When I first started playing Minecraft, I spent most of my time, well, mining. Or at least underground: I’d obsessively dig stairs going straight through the rock in one direction or another, I’d occasionally hollow out a blocky room whenever I needed a space for a chest or a crafting table, and every once in a while, I’d run into a natural cave, some of which were mundane and others of which were spectacular.

Eventually, though, I got bored (or perhaps overwhelmed) with those underground caves, so I decided to work on a house. I didn’t head outside to do that, however: the opening of my mine was at the base of a fairly large hill, so I decided to hollow out the space above the entrance into a room.

Since I was working above ground, I hit the side of the hill fairly soon, so I put in a window. And, as I continued to enlarge that room, I hit another side of the hill; following my Christopher Alexander fetish, I recognized this as Light on Two Sides of Every Room.
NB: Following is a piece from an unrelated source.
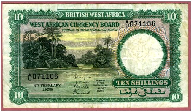 1958 10 shilling banknote of the West African Currency Board.
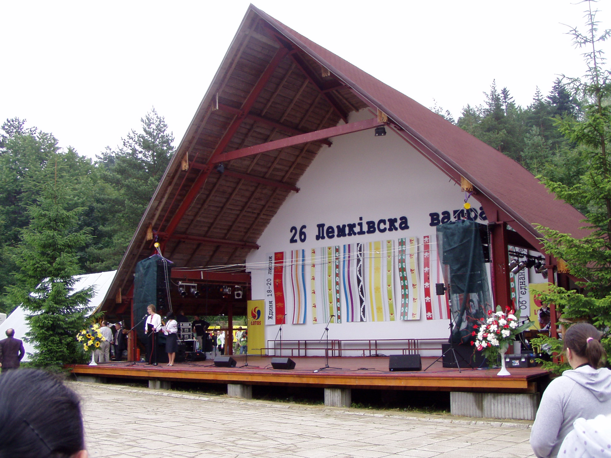 Lemkiwska Watra w Zdyni 2008

One of Christopher’s Alexander’s main points is that you shouldn’t design buildings in isolation, you shouldn’t design them abstractly: you should design them in context, you should design each building so that the area around it is made richer by the presence of that building. And one of the wonderful aspects of Minecraft is that it’s a building game that encourages such an approach. Yes, if you want, you can build in Minecraft as if you were working with Legos, assembling the blocks that you have at hand into whatever shapes you find pleasing. But one of the most amazing aspects of the game is the terrain that it generates: and a building that fits into that terrain and finds a way to fill a gap that is missing is much more powerful than a building that’s plunked down into a plain that you’ve artificially leveled.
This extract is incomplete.